Re: All Fluff
Posted Jun 6, 2002 22:11 UTC (Thu) by
DeletedUser1598 ((unknown), #1598)
In reply to:
Re: All Fluff by AnswerGuy
Parent article:
Unique Preventative IDS for Linux
Hello Jim,
I appreciate the time you've taken in formulating your responses to my comments.
About authentication in general...
I don't bring this up as a particular problem area, but rather as an area that must be done "right" in order to have securable systems. Individual users might screw up and impinge the security of the system, but without the mechanisms in place and some formal policy stating that they're going to be followed, the box is not very securable.
Firewalls...
I don't know that I have a good handle on the benefits of commercial firewalls vs. their open source brethren. My suspicion is that the benefits fall into the areas of managebility by "C" or "B" level staff rather than "A" level staff. Beyond that, maybe it's just that budget people want to have a company that they can blame when things break.
Encryption...
In my own experience, I've found that GPG is enough extra work to use, that I just don't endup using it as often as I should. I could probably institute a policy here that would for me to, but I doubt that I'll do that any time soon. Human laziness simply isn't working for me here. :(
MAC...
I think that an older version of Grsecurity was included in a Mandrake distribution not to far back. But yes, the fact that some form of MAC (beyond just file access control) is not a default feature doesn't help. The subverted user or process method of getting around ACLs is why behavioral control is a key component of creating securable systems. The difficulty of actually using strict MACs without just creating blanket holes is, in my opinion, the reason for their scarcity despite their age and the protection they can provide.
More MAC...
I guess this is a shameless plug, but it's for open sourced code, so I don't feel to bad about it. We are working with Michael and Brad of the Grsecurity.net project to make the ACL system self training. Well, sort of self training, as the admin you have to tell it when to start and stop training. This provides for a much simpler way to create ACL rules that have only the necessary holes in them, and ensure that those holes are no bigger than absolutely necessary. We're currently running this code in house shaking some of the last bugs out of it before its beta release. Information about this will be carried at www.grsecurity.net and at www.cylant.com.
File integrity...
This is an area where I have mixed and conflicting feelings. On the one hand, file integrety checkers can be a tremendous boon when an attacker manages to subvert the security mechanisms in place on a server. On the other hand, if the security mechanisms weren't so frail and blindsidable as they are today, this wouldn't be nearly the issue it is. Mostly, I like the fresh-backup on a CD or a spare off-line disk method myself.
Behavioral control...
This is the one area that you didn't address. It also happens to be the area that I see most security and comp sci folks ignore, but the area that engineers and accountants look at first. I think this has to do with the education we get in the security and comp sci disciplines, but I'm not sure. Behavioral control speaks to monitoring application execution looking for deviances from its normal execution activity. There are a variety of ways to do this, some are really slow, others aren't, some don't work very well, others do.
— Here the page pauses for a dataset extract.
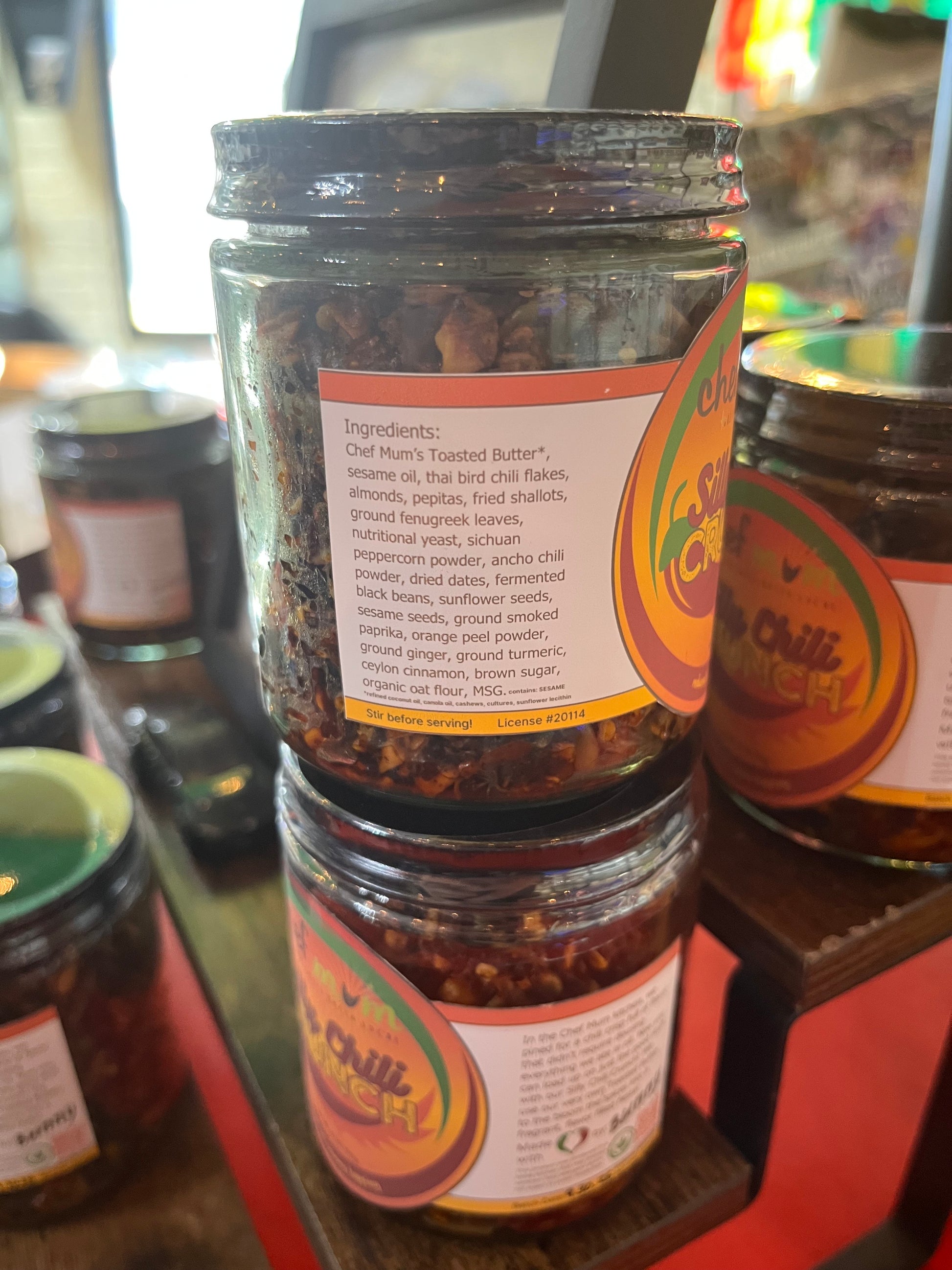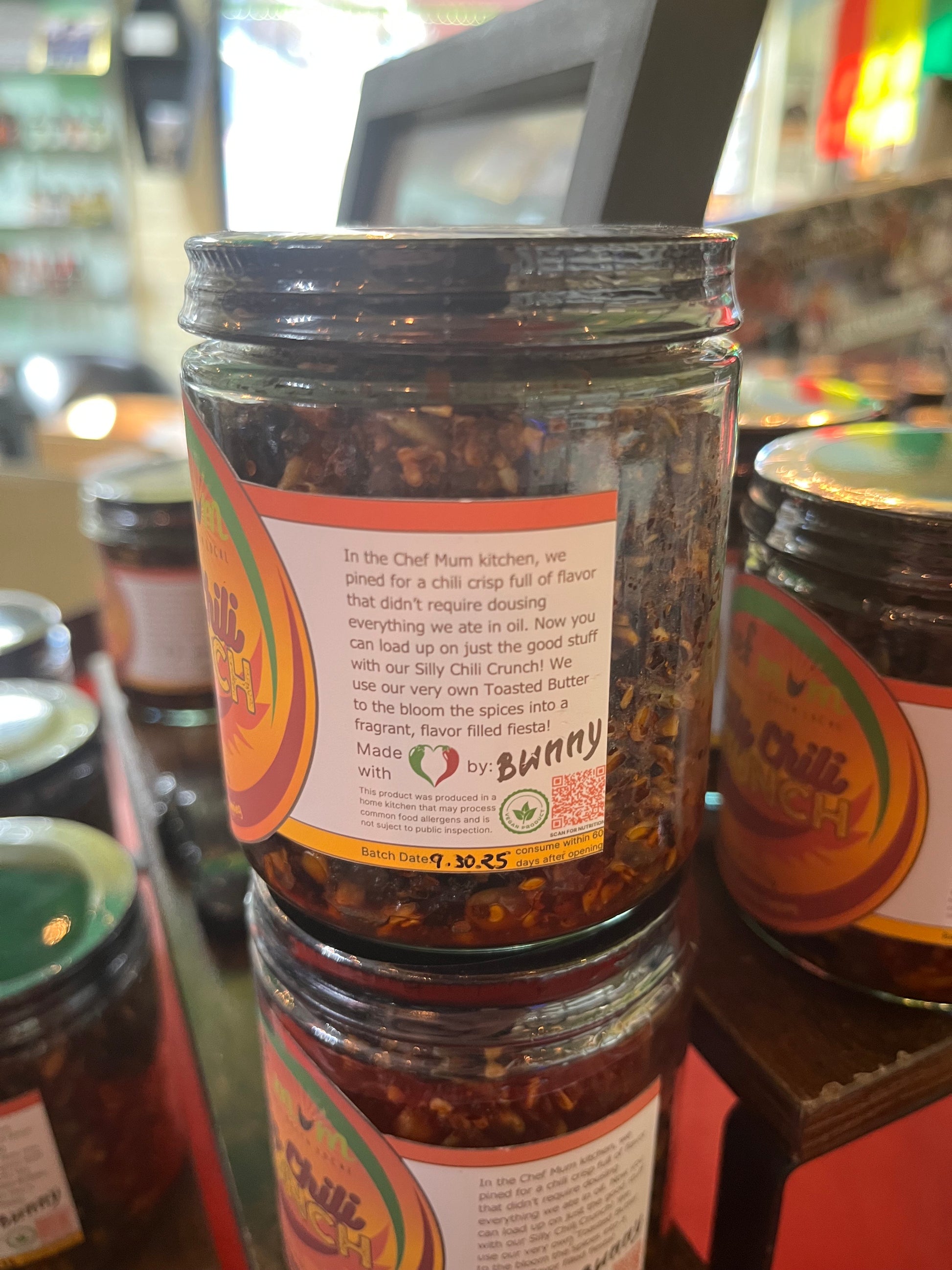From our friends at Phoenix based Chef Mum bakery, this amazing chili crisp substitutes all that excess oil for a condiment that is full of delicious and nutritious ingredients. This chili crisp is vegan, gluten free, local, and we are proud to be the first retail location to offer this product! Silly Chili Crunch is shelf stable up to 60 days from opening!

Security seen as control...
We tend to look at security as control because of the following:
If you can control the resources a process can access, and if you can control the execution behavior of that process, and if you can control who is allowed to run that process, you've got a handle on security. But, if you can't do even one of those things, then attackers, internal or external, can do things your security policy probably doesn't allow. Control is where the rubber meets the road. Control is not forensics, its purpose is to prevent undesirable situations, not generate reports about their damage level and outcome.
Naturally we'd like people to use our software where it's applicable. But, we also recognize that we don't build tools or offer services across the three areas of preventative security. To a certain extent, we're not really interested in doing so. We're moving into the MAC area simply because it makes sense for that to integrate with our current product. We're also giving it away for free too, since that seems to be the smartest thing to do in that case.